| TASK REQUIREMENTS |
Reproduce, exactly and in full, only the lines below from the one containing "xiǎo bái cài 小白菜" through the one containing "The Standard III".
[INFORMATION SUPPLIED]
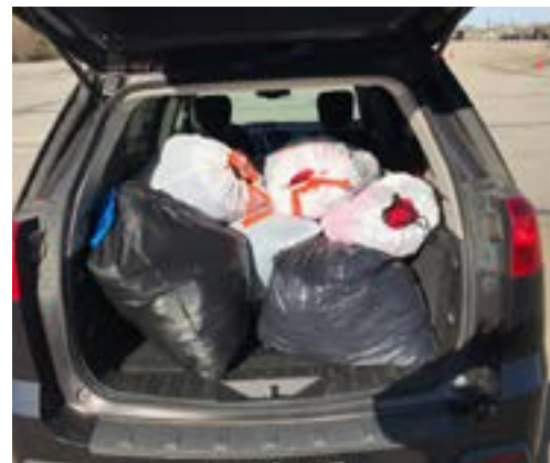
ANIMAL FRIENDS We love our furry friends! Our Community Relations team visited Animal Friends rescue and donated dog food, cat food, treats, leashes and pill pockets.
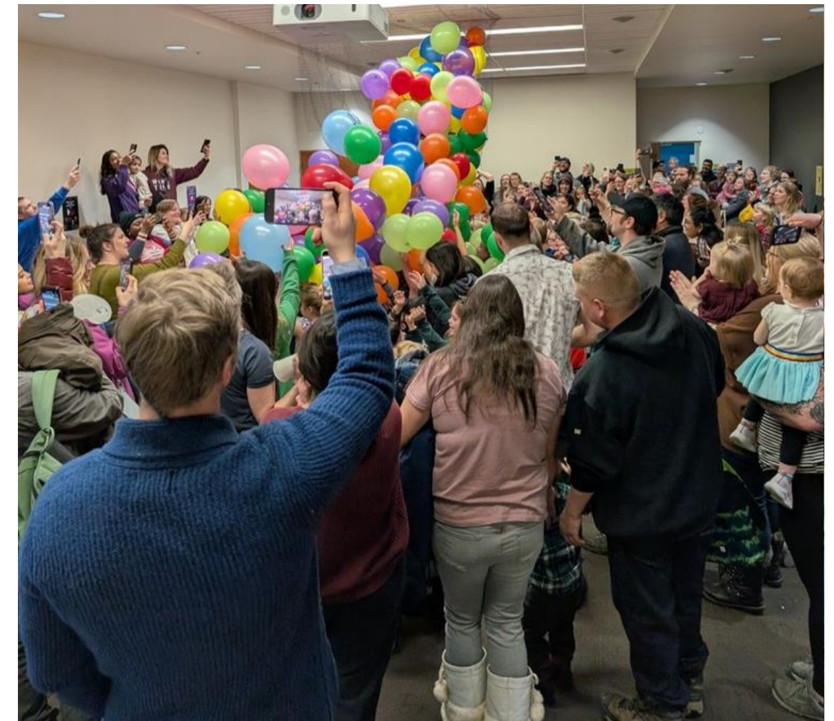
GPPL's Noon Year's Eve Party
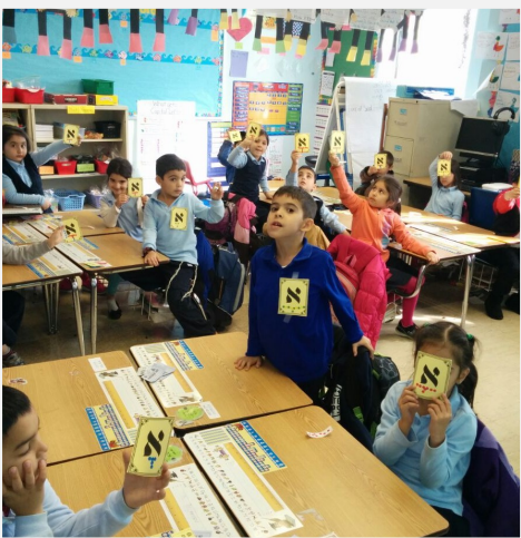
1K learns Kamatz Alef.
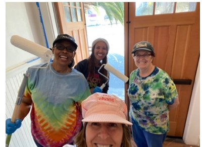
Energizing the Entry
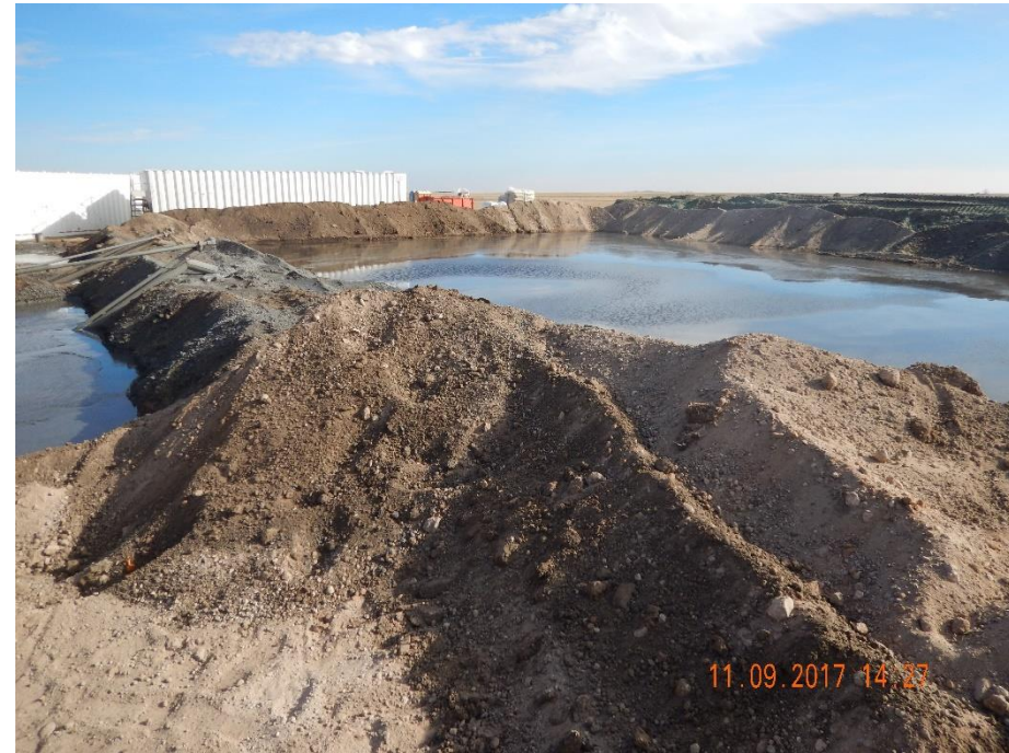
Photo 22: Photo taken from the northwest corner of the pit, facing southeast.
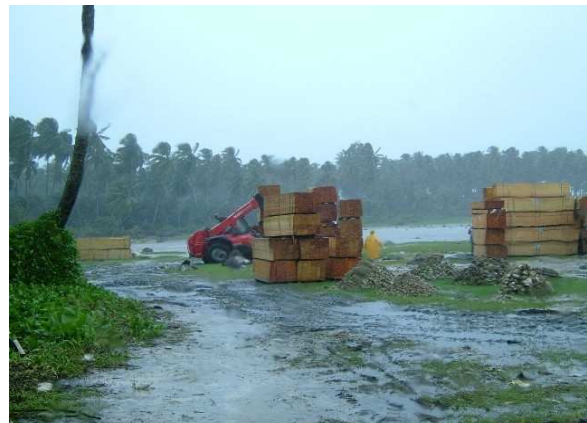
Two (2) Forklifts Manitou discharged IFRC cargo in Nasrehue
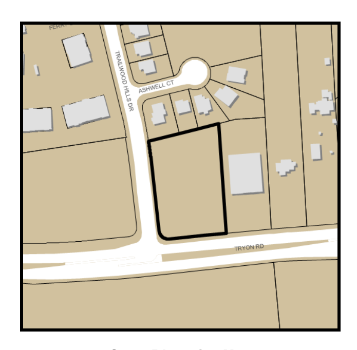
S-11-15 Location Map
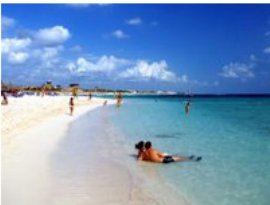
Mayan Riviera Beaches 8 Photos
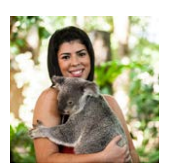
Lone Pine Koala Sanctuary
[/INFORMATION SUPPLIED]
[INFORMATION SUPPLIED]
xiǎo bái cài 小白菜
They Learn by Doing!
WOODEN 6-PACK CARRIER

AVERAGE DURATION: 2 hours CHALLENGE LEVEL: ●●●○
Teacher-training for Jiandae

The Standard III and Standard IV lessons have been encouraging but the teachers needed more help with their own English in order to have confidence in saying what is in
[/INFORMATION SUPPLIED]
| OUTPUT FOR THIS TASK |
xiǎo bái cài 小白菜
They Learn by Doing!
WOODEN 6-PACK CARRIER

AVERAGE DURATION: 2 hours CHALLENGE LEVEL: ●●●○
Teacher-training for Jiandae

The Standard III and Standard IV lessons have been encouraging but the teachers needed more help with their own English in order to have confidence in saying what is in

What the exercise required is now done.